▸ Work task
Leave out all images and set down the records exactly as given.

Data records
__________
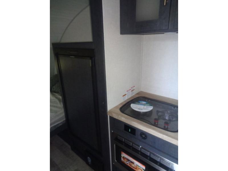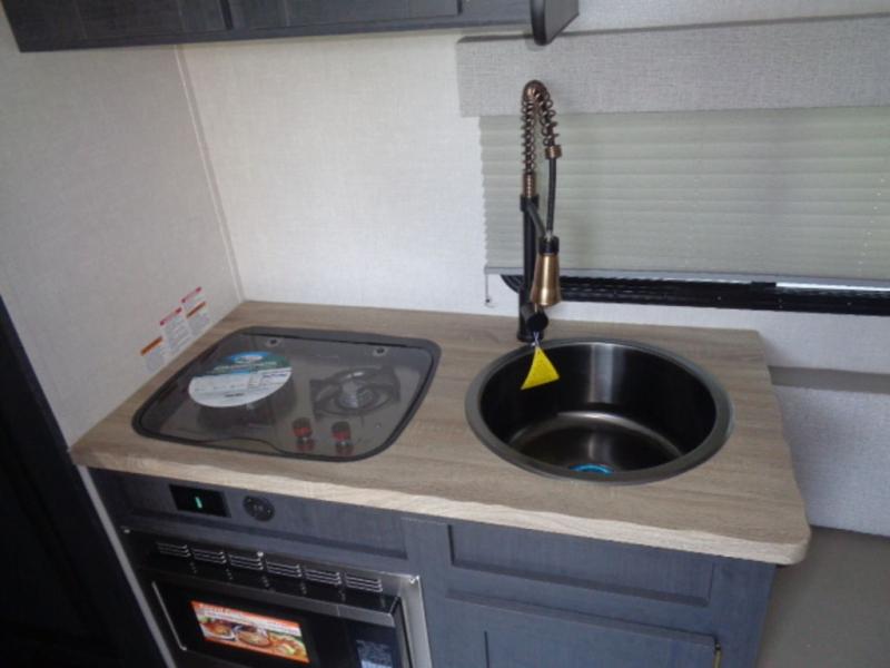 With any R Pod Classic travel trailer by Forest River, you will enjoy at home-comforts and lightweight towing. There are magnetic door catches that will easily keep the door open when you're packing hiking gear or bringing in your luggage. Each model includes 30 Amp service with a detachable power cord, a 20 lb. propane tank with a cover, and a high efficiency roof-mounted air conditioner that will keep you cool during the summer camping months. Inside, you'll find a two burner recessed cooktop with a flush mount glass cover, a convection microwave, and new Cosmetic Graphite interior for a modern look you will love.
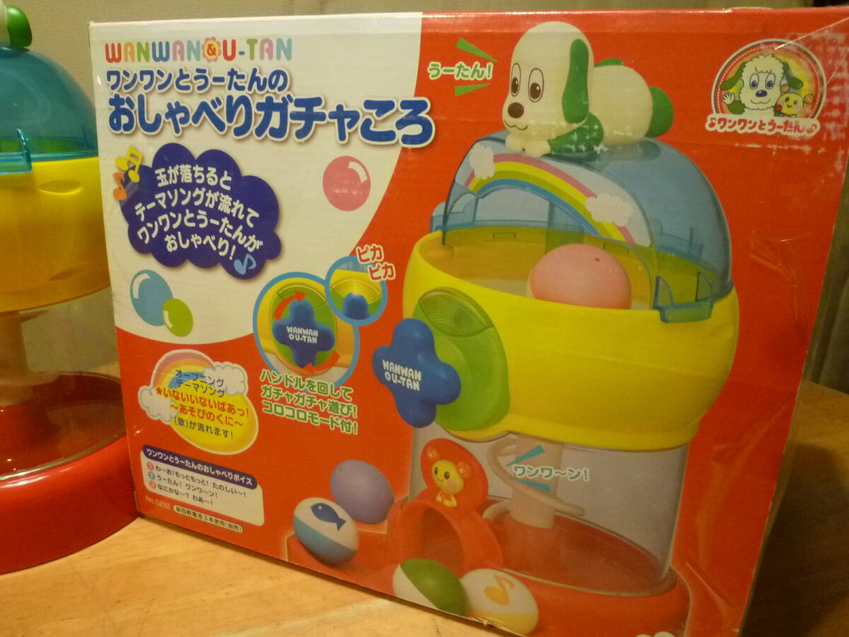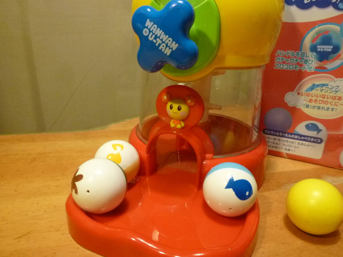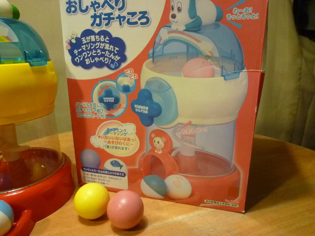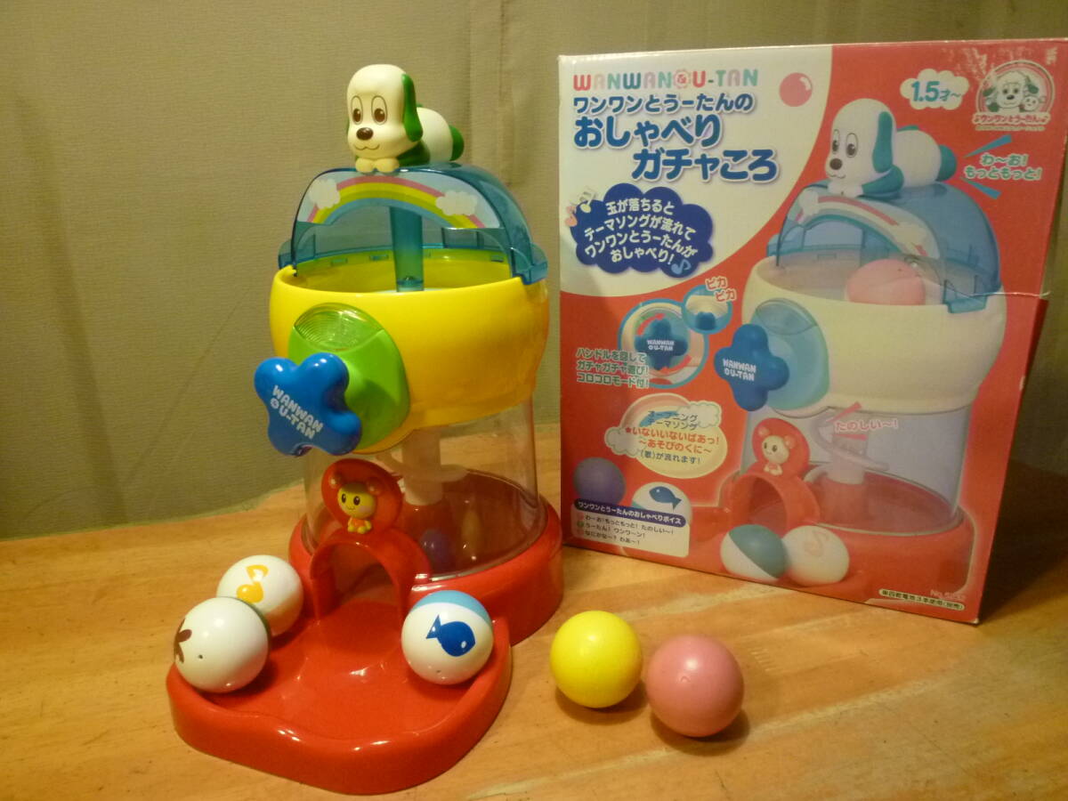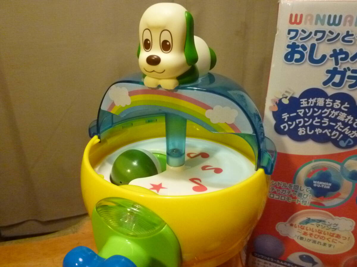 こちらは小さなお子様に大人気のテレビで放映のワンワンとうーたんのおしゃべりガチャころで、箱の見出しには、玉が落ちるとテーマソングが流れてワンワンとうーたんがおしゃべり!♪ ハンドルを回しガチャガチャ遊び! コロコロモード付!等とありますが、透明ドーム内部上(説明にはありますが少しやり難さあり?)に使用の新しいアルカリ単四電池3本は別となります。
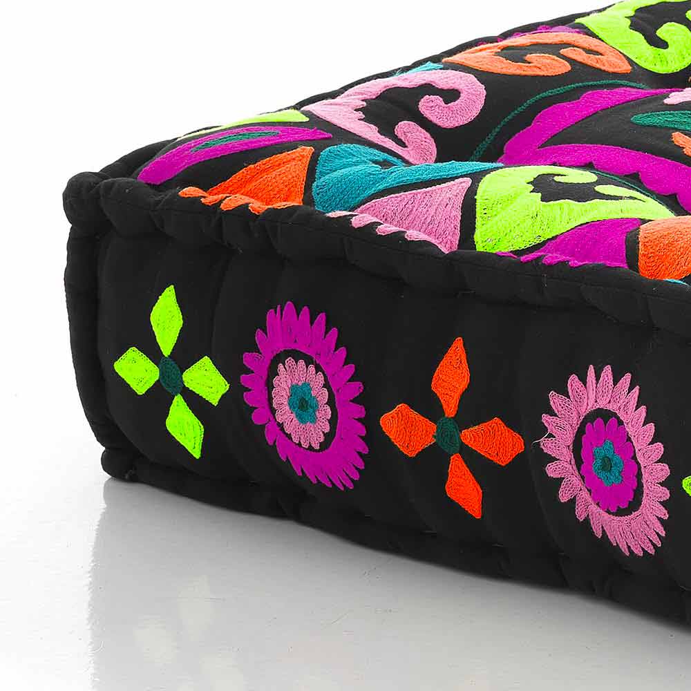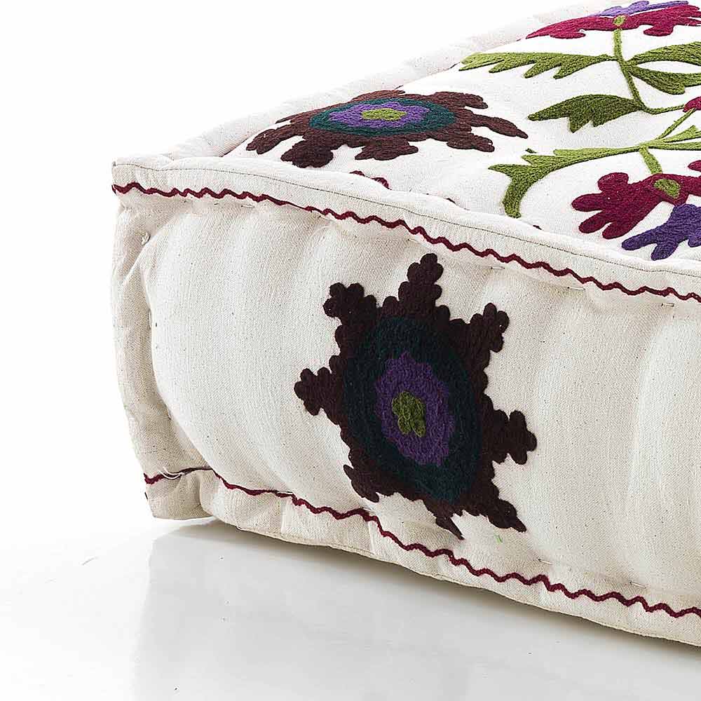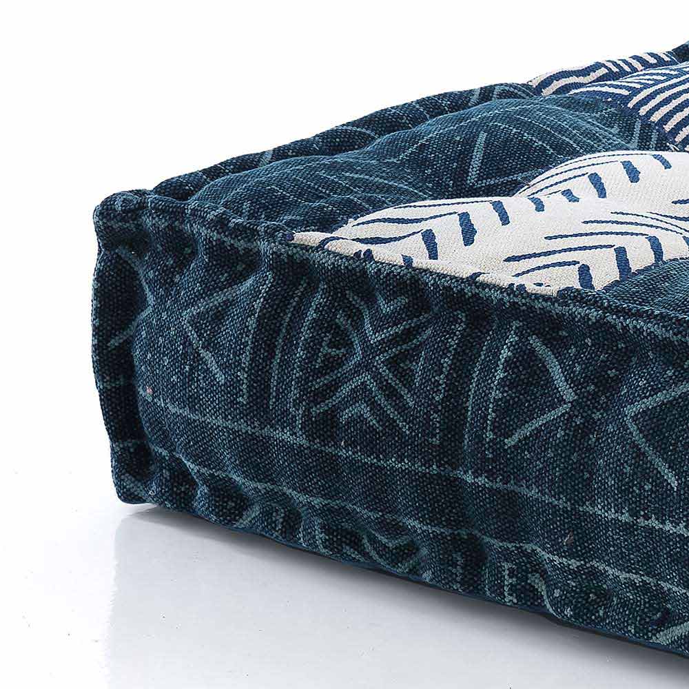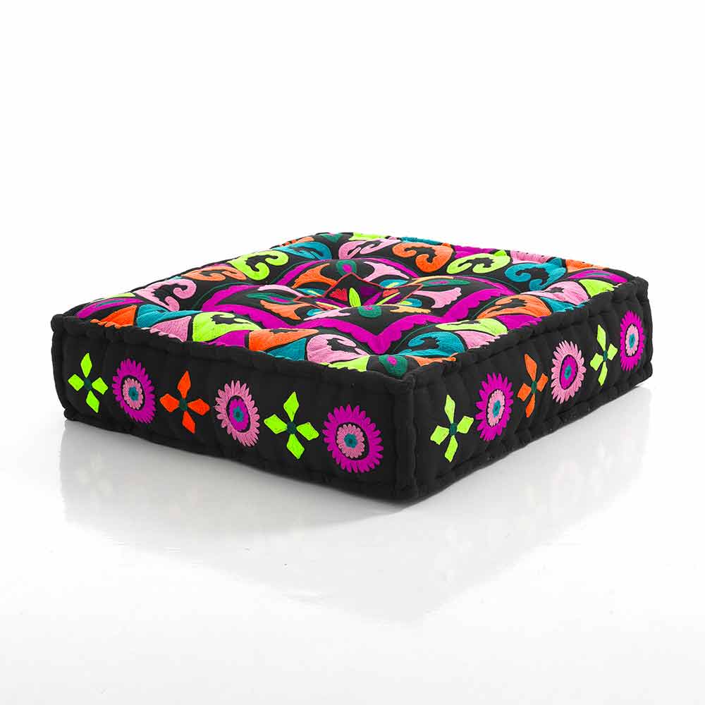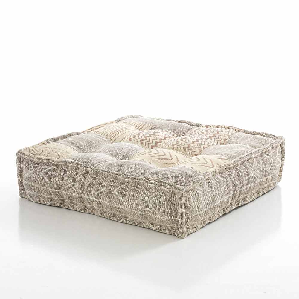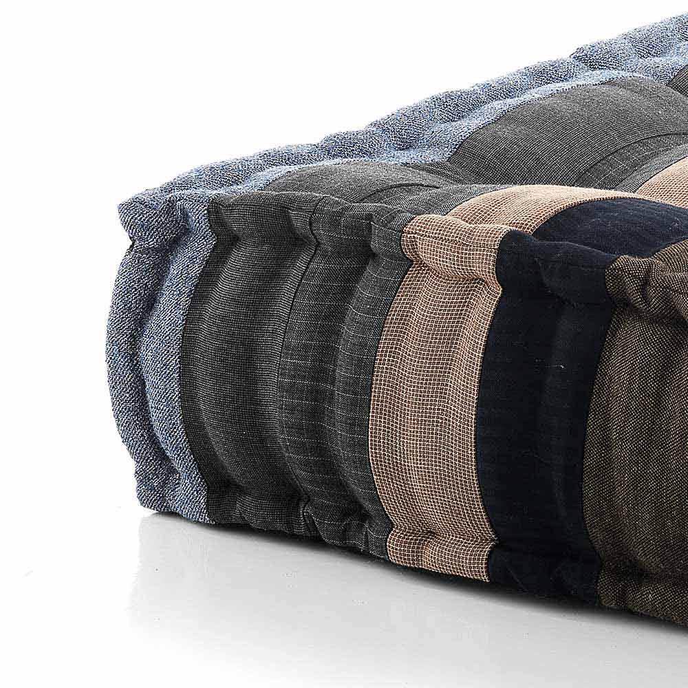 Sitzpuff aus Patchworkstoff oder quadratischem Samt mit ethnischem Design.
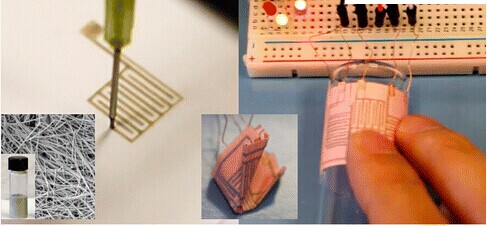 Anming Hu教授及其同事指出,因?yàn)榧垙堅(jiān)谑澜绶秶鷥?nèi)易于獲取,價(jià)格低廉,使其成為輕微的、可折疊的電子元件的極佳載體,而且?guī)缀蹩梢栽谌魏蔚胤街圃?,在任何地方使用。其?shí)之前,科學(xué)家就已經(jīng)制造出了基于紙張的即時(shí)診斷工具和便攜的DNA檢測(cè)器。但是,這些儀器需要既復(fù)雜又昂貴的制造技術(shù)。銀質(zhì)的納米線墨水高度導(dǎo)電而且穩(wěn)定,提供了一個(gè)更實(shí)際的解決方案。Hu教授和他們團(tuán)隊(duì)希望研發(fā)出一種技術(shù),直接把金屬墨水打印到紙面來制作傳感器,而這樣的傳感器又可以對(duì)碰觸或者諸如葡萄糖等特定分子作出回應(yīng)。
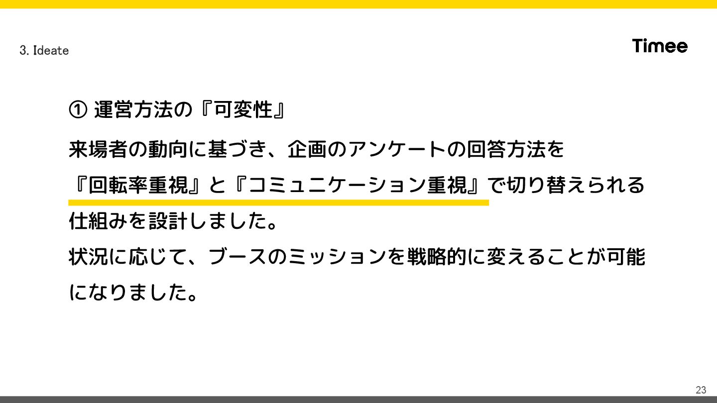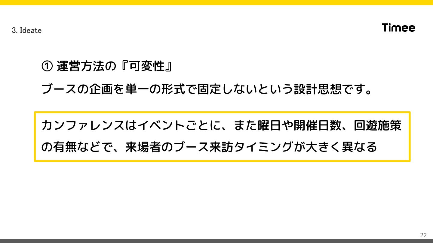 3. Ideate 22 ブースの企画を単一の形式で固定しないという設計思想です。 カンファレンスはイベントごとに、また曜日や開催日数、回遊施策 の有無などで、来場者のブース来訪タイミングが大きく異なる ① 運営方法の『可変性』
__________
▸ Solution to this task
 With any R Pod Classic travel trailer by Forest River, you will enjoy at home-comforts and lightweight towing. There are magnetic door catches that will easily keep the door open when you're packing hiking gear or bringing in your luggage. Each model includes 30 Amp service with a detachable power cord, a 20 lb. propane tank with a cover, and a high efficiency roof-mounted air conditioner that will keep you cool during the summer camping months. Inside, you'll find a two burner recessed cooktop with a flush mount glass cover, a convection microwave, and new Cosmetic Graphite interior for a modern look you will love.
 こちらは小さなお子様に大人気のテレビで放映のワンワンとうーたんのおしゃべりガチャころで、箱の見出しには、玉が落ちるとテーマソングが流れてワンワンとうーたんがおしゃべり!♪ ハンドルを回しガチャガチャ遊び! コロコロモード付!等とありますが、透明ドーム内部上(説明にはありますが少しやり難さあり?)に使用の新しいアルカリ単四電池3本は別となります。
 Sitzpuff aus Patchworkstoff oder quadratischem Samt mit ethnischem Design.
 Anming Hu教授及其同事指出,因?yàn)榧垙堅(jiān)谑澜绶秶鷥?nèi)易于獲取,價(jià)格低廉,使其成為輕微的、可折疊的電子元件的極佳載體,而且?guī)缀蹩梢栽谌魏蔚胤街圃?,在任何地方使用。其?shí)之前,科學(xué)家就已經(jīng)制造出了基于紙張的即時(shí)診斷工具和便攜的DNA檢測(cè)器。但是,這些儀器需要既復(fù)雜又昂貴的制造技術(shù)。銀質(zhì)的納米線墨水高度導(dǎo)電而且穩(wěn)定,提供了一個(gè)更實(shí)際的解決方案。Hu教授和他們團(tuán)隊(duì)希望研發(fā)出一種技術(shù),直接把金屬墨水打印到紙面來制作傳感器,而這樣的傳感器又可以對(duì)碰觸或者諸如葡萄糖等特定分子作出回應(yīng)。
 3. Ideate 22 ブースの企画を単一の形式で固定しないという設計思想です。 カンファレンスはイベントごとに、また曜日や開催日数、回遊施策 の有無などで、来場者のブース来訪タイミングが大きく異なる ① 運営方法の『可変性』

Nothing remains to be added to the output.